Maalaa è intraducibile: in termini grossolani passa come l’equivalente indiano del "rosario". Induisti e buddhisti li usano per pregare, poi ci sono quelli che li collezionano, perché obiettivamente sono oggetti di grande fascino.
Maalaa (o Mala) è una corona di grani tenuti insieme da un filo. Come nella tradizione cristiana serve a contare le preghiere (o i mantra e le varie ritualità). Era donato dal maestro al discepolo come dono d’affezione.
Molti sono i materiali utilizzati: perle di fiume, semi di loto, legno di curcuma, di sandalo, di basilico (una pianta sacra in India), pietre preziose e, nel buddhismo, persino ossa umane.
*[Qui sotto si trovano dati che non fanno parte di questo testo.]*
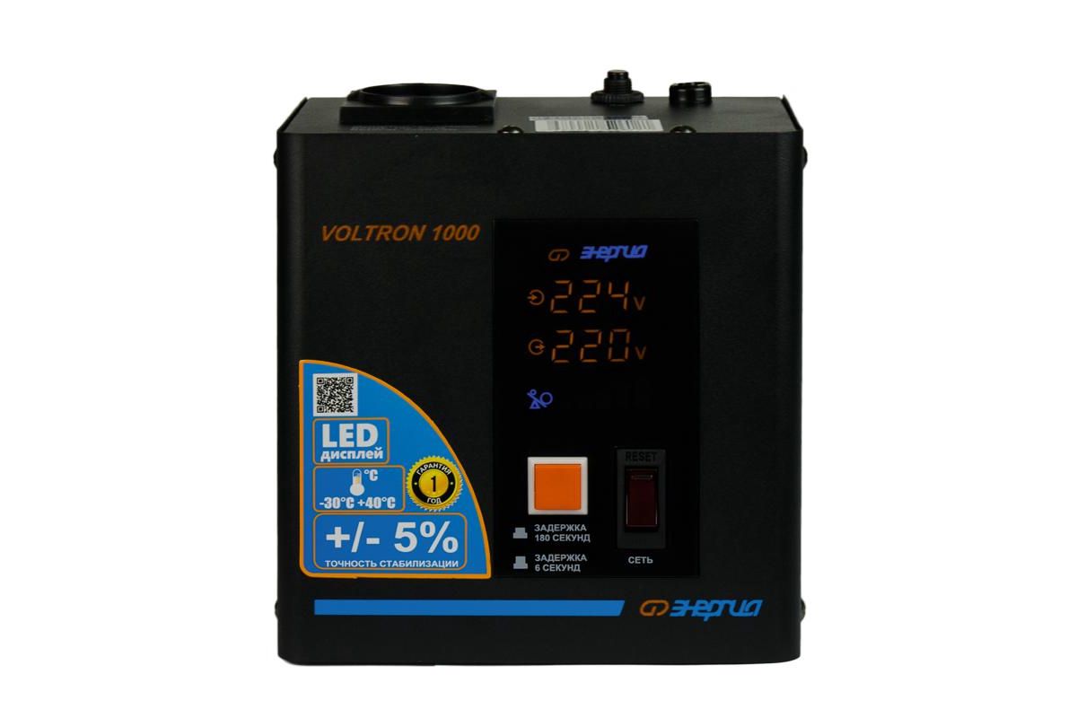 Однофазный релейный стабилизатор напряжения Энергия Voltron 1000(5%) предназначен для защиты техники от повышенного или пониженного напряжения в электрической сети.

Ma tradizionalmente Maalaa si compone con i semi dell’albero Rudraksha, che significa "lacrime (occhi) di Rudra", altro nome per indicare Shiva.
I semi di quest’albero (Elaeocarpus angustifolius) sono particolari, sfaccettati (stranamente non sono tutti uguali, si va da una a 21 facce). Spesso i grani di un Maalaa sono 108, numero che corrisponde agli attributi di Shiva.
Si ritiene anche che usare un Maalaa comporti diversi benefici: per esempio, secondo i testi Puranici ha un effetto calmante sul sistema nervoso. Oppure, si dice anche che sfregare una Maalaa di legno di sandalo sulla fronte contribuisca a risolvere problemi quotidiani, conferendo alla vita una maggiore purezza.
La preparazione dei semi per comporre un Maalaa segue un ben determinato rituale, che prevede fumigazioni, immersioni in oli e altro. Non si indossa per fini estetici, ma per esigenze di elevazione spirituale. Vuole la tradizione che, per il suo potere, portare un Maalaa richieda alcune precauzioni.